# Go fly a kite



## yellowiron (Mar 8, 2009)

Just a little something different,


----------



## stationmaster (Dec 7, 2008)

I have seen something like that before at the NMRA Regional Spring Bash. Always thought about doing something like that, but my layout is mostly industrial. Maybe some day....

Bob


----------



## Reckers (Oct 11, 2009)

I like the kites! Great touch!


----------



## tjcruiser (Jan 10, 2010)

LOVE IT! So much so, that I might try to add one of these to my HO layout.

Excellent ... thanks for sharing!

TJ


----------



## swiggy (Jan 25, 2010)

sweet, Hobby Lobby is having a blowout on these. I got a chain gang, campers, and bums. i think i could use the kite people for climbers on my cliff???? sweet camper bus!


----------



## Too-Many-Hobbies (Mar 25, 2010)

Whoa! thats cool, is that a lake i see to the right?


----------



## Reckers (Oct 11, 2009)

You guys are lucky to have so many accessory items available in your scale. I have to carve my people out of 4 x 4's!


----------



## stationmaster (Dec 7, 2008)

A friend stopped by a couple of days ago, we were talking about "unique scenes", and I showed him this "kites" thread. He told me that years ago, while on vacation out East, he saw a layout where the builder actually used real miniature kites and had a fan blowing air to keep them aloft. The kites would scurry and weave about the "sky" just like real ones. He went on to say that the fan was hidden under the layout and gave a touch of realism and motion to the scene. Must have been a real challenge for the builder, especially 20, or so, years ago. 

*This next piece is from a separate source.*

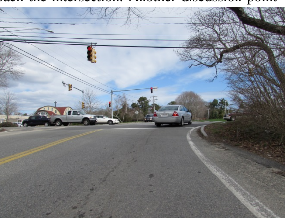
Strawberry Hill Road Northbound Approach

Sight distance at the intersection was also raised as an issue by several RSA participants. From the northbound approach, the sight distance is impacted by vegetation on the southeast corner that is encroaching onto the roadway, as well as the uphill grade on the northbound approach. In regards to the southbound approach, there is a horizontal curve at the intersection of Strawberry Hill Road and Wequaquet Lane, which impacts the sight distance of drivers approaching the Roadway Alignment and Grade from intersection.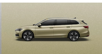
Ice Tea Yellow Metallic

Don't know that I would be able to recreate such a neat deal myself. The idea itself is very creative and I guess where there's a will, there's a way.....

Funny, how, in all my years of modeling railroads, 50 years now, having a layout that that seems forever "evolving", there is always something that amazes and, sometimes, inspires me. Simply, mind boggling. Seems to be endless. I'm always seeing new ideas, and saying to myself, "Now, why didn't I think of that?" Anyone in the same boat?

Bob


----------



## tjcruiser (Jan 10, 2010)

Hey Bob,

I already "know why I didn't think of that" ... I'm CLUELESS! Which, of course, is the specific reason why I keep poking around here on the forum ... to sponge all of the good ideas off of you guys!

TJ


----------



## stationmaster (Dec 7, 2008)

All I can say is even though I've progressed a bit further than the cursory 4x8 plywood layout, sometimes novel ideas make my layout not a large step beyond where I started, with that cursory 4x8 layout. Some folks have the knack of being able to take an almost impossible idea, and make it a reality. 

Yep, model railroaders are a pretty smart bunch. 

Bob


----------



## yellowiron (Mar 8, 2009)

*Thanks*


Thanks guys for the kind words on this little slice of the layout;I didn't think that flying a kite would garnish the oh look at that,and wow thats neat sort of response.
Anyway thanks again for checking it out
Mike


----------



## Wyatt2104 (Dec 28, 2009)

yellowiron said:


> Just a little something different,


Very nice Kites, I always like to get ideas for the open space between tracks.
I've gotten a lot of Ideas from the Past Houston Train Shows.
One that I plan on incorporating on my Grandfather's Cabin resort on Lake Huron in Tawas, is the Little Kid running from the Beach girl with her top in his
Hand as he runs, gonna name it "Little Bobby", after Me.


----------



## Smokestack Lightning (Oct 31, 2010)

tjcruiser said:


> Hey Bob,
> 
> I already "know why I didn't think of that" ... I'm CLUELESS! Which, of course, is the specific reason why I keep poking around here on the forum ... to sponge all of the good ideas off of you guys!
> 
> TJ


+1:laugh:



stationmaster said:


> All I can say is even though I've progressed a bit further than the cursory 4x8 plywood layout, sometimes novel ideas make my layout not a large step beyond where I started, with that cursory 4x8 layout. Some folks have the knack of being able to take an almost impossible idea, and make it a reality.
> 
> Yep, model railroaders are a pretty smart bunch.
> 
> Bob


Obviously geniuses



yellowiron said:


> Thanks guys for the kind words on this little slice of the layout;I didn't think that flying a kite would garnish the oh look at that,and wow thats neat sort of response.
> Anyway thanks again for checking it out
> Mike


Liking the early 60's VW van:thumbsup:


----------



## tjcruiser (Jan 10, 2010)

When I built my 1950's HO layout, a friend gave me a pre-packaged box of 1950's era cars. It included a VW "microbus" van, which I thought was odd and misplaced, because I thought they were 1960's vintage. Well, some quick 'net surfing proved me wrong. The "Type 1" VW van dates back to 1950!

Cheers,

TJ


----------